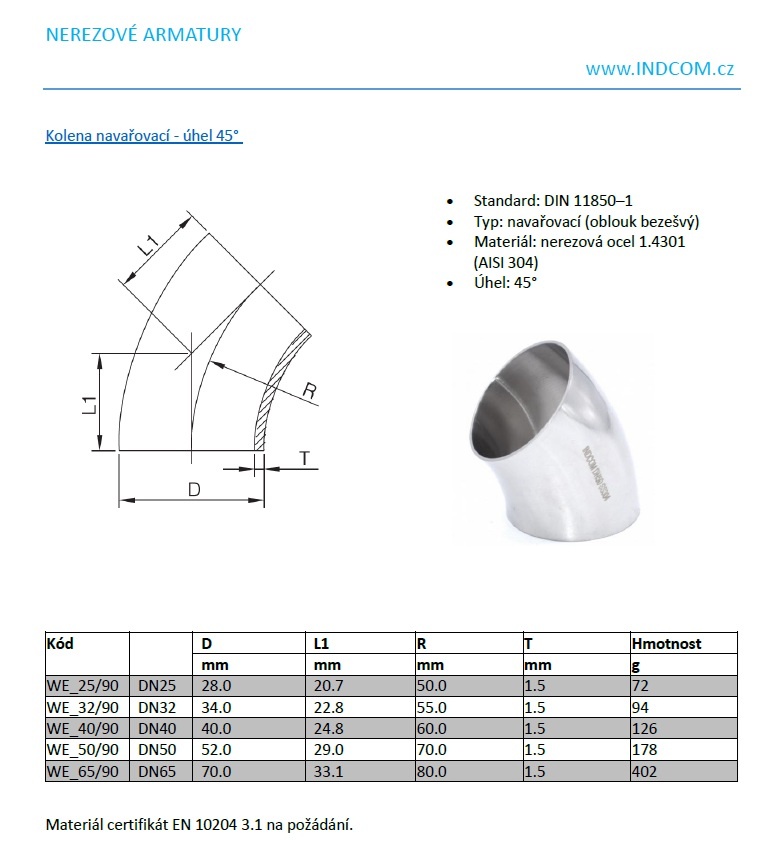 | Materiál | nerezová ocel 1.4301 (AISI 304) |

· · · · · · ·

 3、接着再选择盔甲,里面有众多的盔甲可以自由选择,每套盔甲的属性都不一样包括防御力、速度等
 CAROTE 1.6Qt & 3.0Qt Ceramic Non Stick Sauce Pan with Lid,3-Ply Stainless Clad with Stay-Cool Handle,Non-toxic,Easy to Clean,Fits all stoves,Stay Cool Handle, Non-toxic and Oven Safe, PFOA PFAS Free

· · · · · · ·

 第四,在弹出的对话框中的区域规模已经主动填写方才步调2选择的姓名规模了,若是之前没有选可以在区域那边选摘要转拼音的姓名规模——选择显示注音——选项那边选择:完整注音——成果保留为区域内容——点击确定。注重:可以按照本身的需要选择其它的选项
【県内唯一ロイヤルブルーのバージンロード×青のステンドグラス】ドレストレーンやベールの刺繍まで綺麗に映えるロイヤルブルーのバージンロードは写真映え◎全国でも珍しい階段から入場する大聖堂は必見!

· · · · · · ·

### WHAT IS EXPECTED
Keeping every character as it is, restate the lines above that run from the line with "3、接着再选择盔甲,里面有众" through the line with "CAROTE 1.6Qt &", both included, and nothing else.

### OUTPUT FOR THIS TASK
 3、接着再选择盔甲,里面有众多的盔甲可以自由选择,每套盔甲的属性都不一样包括防御力、速度等
 CAROTE 1.6Qt & 3.0Qt Ceramic Non Stick Sauce Pan with Lid,3-Ply Stainless Clad with Stay-Cool Handle,Non-toxic,Easy to Clean,Fits all stoves,Stay Cool Handle, Non-toxic and Oven Safe, PFOA PFAS Free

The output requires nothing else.